#### [What the task asks]
Pictures excluded, please retype exactly the lines from the start of the data through the line that contains "留学归国教师团队,导师制小班", both ends kept, and nothing beyond them.

#### [Supplied entries]

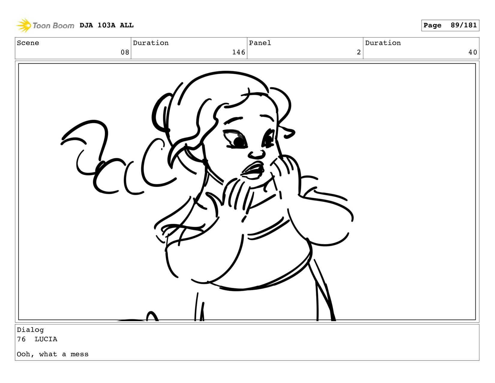 Scene 08 Duration 146 Panel 2 Duration 40 Dialog 76
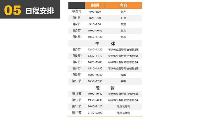 留学归国教师团队,导师制小班授课,针对每个学生情况,1对1大量专业指导课,除专业课外,每周指导课可达2-8节。针对学生个人情况制定每阶段任务,落实到琴点或练习时间内的细化专业要求。老师与学生住同栋宿舍,与学生同吃同睡,24小时生活、学业关怀。
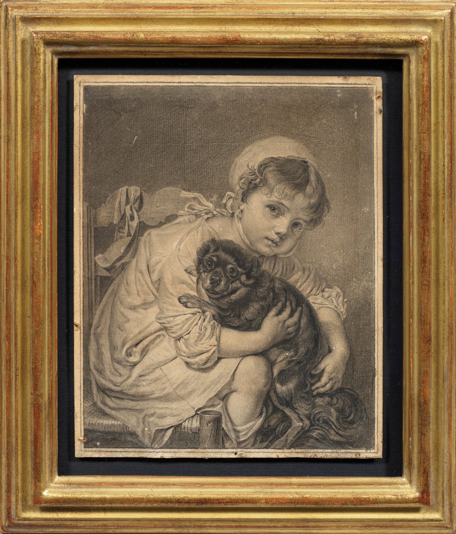 Darstellung eines auf einem Stuhl sitzenden Mädchens, wohl die dritte Tochter von Jean-Baptiste Greuze Louise-Gabrielle (geb. 1764), einen Spaniel haltend. Das in feiner Grisaillemalerei ausgeführte, hier vorliegende Kabinettbild greift eine beliebte Gemäldekomposition von Jean-Baptiste Greuze auf, die vermutlich 1767 im Pariser Salon ausgestellt wurde und sich heute in Londoner Privatbesitz befindet. Die Darstellung erfreute sich großer Nachfrage und wurde von Greuze selbst mehrfach wiederholt (eigenhändige Repliken u. a. im Musée d'Art et d'Histoire in Toulon und im Civico Museo d'Arte antica in Mailand). Die von seiner Tochter Anne-Geneviève Greuze (1762 - 1842) geschaffene Version besitzen die Staatl. Museen in Berlin. Tuschfeder mit Bleistift u. Weißhöhungen/Papier. R. u. undeutl. bez.; Rand beschnitten, Nadellöcher. Ca. 22,2 cm x 18,3 cm.
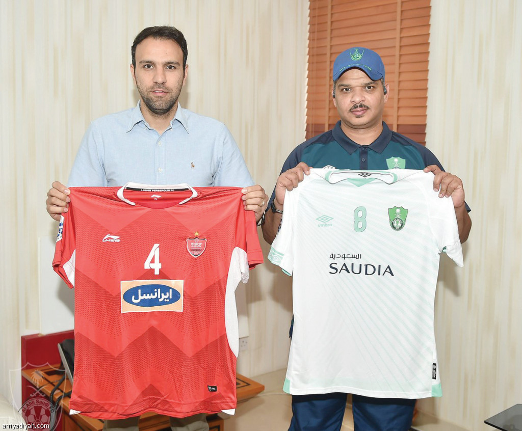 صورة التقطت أمس لمحمد شلية ممثل الأهلي يحمل قميص الفريق بينما يحمل ممثل بيرسبوليس الإيراني قميص ناديه (المركز الإعلامي ـ الأهلي)
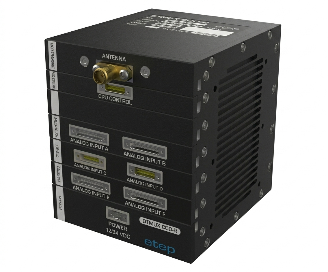 D.T.MUX COD-R, çok düşük gecikmeli gerçek zamanlı iletim özelliğine sahip minyatür bir veri toplama sistemidir (128 kanala kadar). Özellikle darbe test sistemi veya İHA gibi entegrasyon alanı kısıtlamalarının maksimum olduğu yüksek stresli ortamlar ve tahrip edici testler için tasarlanmıştır. Ünite, şasi boyutlarına göre kullanıcı tarafından seçilebilen 1 ila 6 adet veri toplama modülünden oluşur. Modüller, analog veya dijital veri toplama ihtiyaçlarına göre seçilebilir.
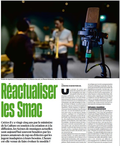 Libération du 4 Février 2023 : illustration de l'article "Réactualiser les Smac". Photographie Karine Le Ouay / Divergence
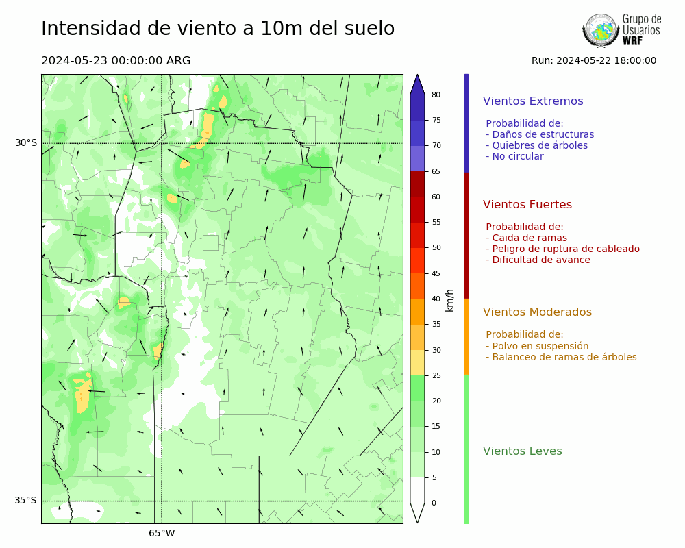 • Intensidad máxima: 15.22 km/h (23/05/2024 10hs.)
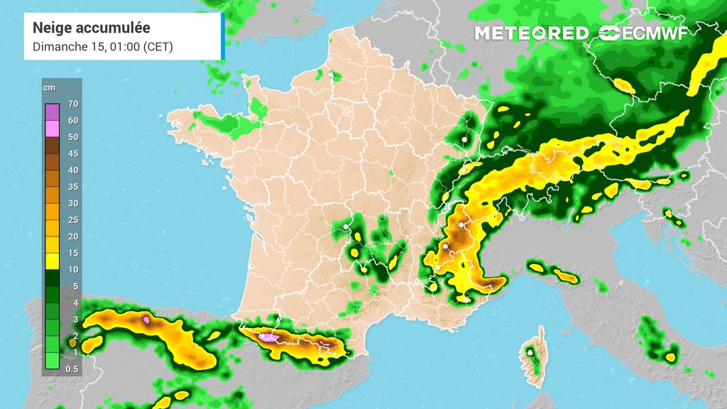 Ces chutes de neige se produiront par une température proche de 0 °C. Il est encore trop tôt pour dire si elle tiendra au sol. Elle pourrait en tout cas saupoudrer au moins la région.
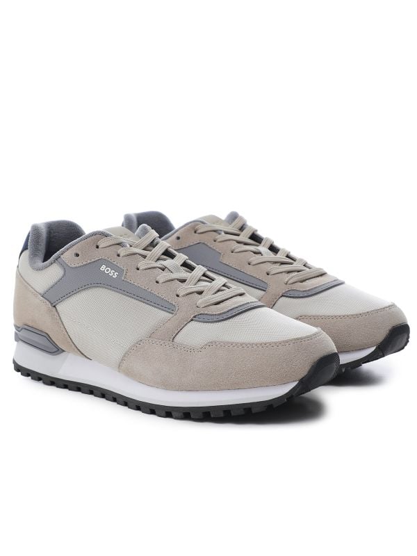 The BOSS Parkour-L_Runn_sdnyt trainers offer a fresh, sporty look with a mix of leather and textile uppers featuring dynamic panelling for added texture and style. The lace-up design ensures a secure fit, while branded details on the side and tongue add a signature touch.
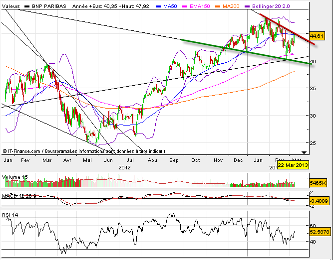 On devrait être vite fixé, car le rebond des bancaires en cette fin de semaine permet de venir tester les obliques hautes, ou tout du moins de s’en approcher. Ainsi, si ces obliques bloquent encore une fois l’avancée des cours des valeurs bancaires cela sera un signal pour moi d’une consolidation engagée, et donc d’un impact sur le cac40 prochainement.
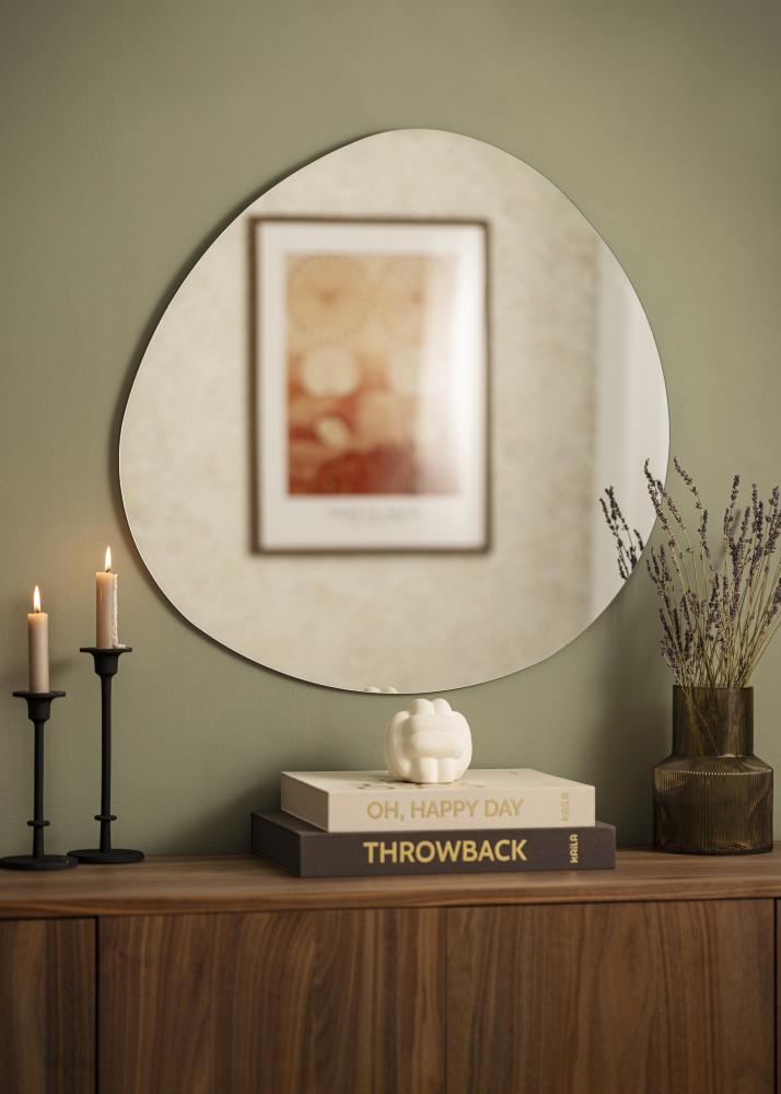 Otkrijte elegantno i svestrano ogledalo koje postaje prirodna žarišna točka u svakoj prostoriji. Sa svojim velikim dimenzijama od 70x70 cm, ovo ogledalo nudi praktičnu i dekorativnu funkciju u vašem domu. Njegov zaobljeni oblik s nježnim zakrivljenjem na vrhu donosi organski i opušten osjećaj prostoru, dok zadržava modernu estetiku.
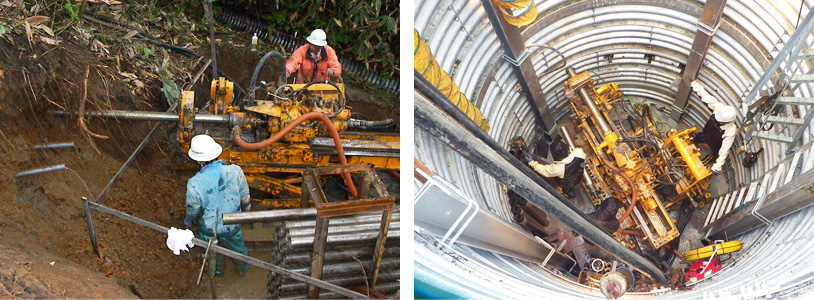 地山の地下水位が高く、切土によるすべりを起こす場合や地山変状が生じている場合の地下水位低下対策として、主に横ボーリングが用いられています。

#### [Response box]
 Scene 08 Duration 146 Panel 2 Duration 40 Dialog 76
 留学归国教师团队,导师制小班授课,针对每个学生情况,1对1大量专业指导课,除专业课外,每周指导课可达2-8节。针对学生个人情况制定每阶段任务,落实到琴点或练习时间内的细化专业要求。老师与学生住同栋宿舍,与学生同吃同睡,24小时生活、学业关怀。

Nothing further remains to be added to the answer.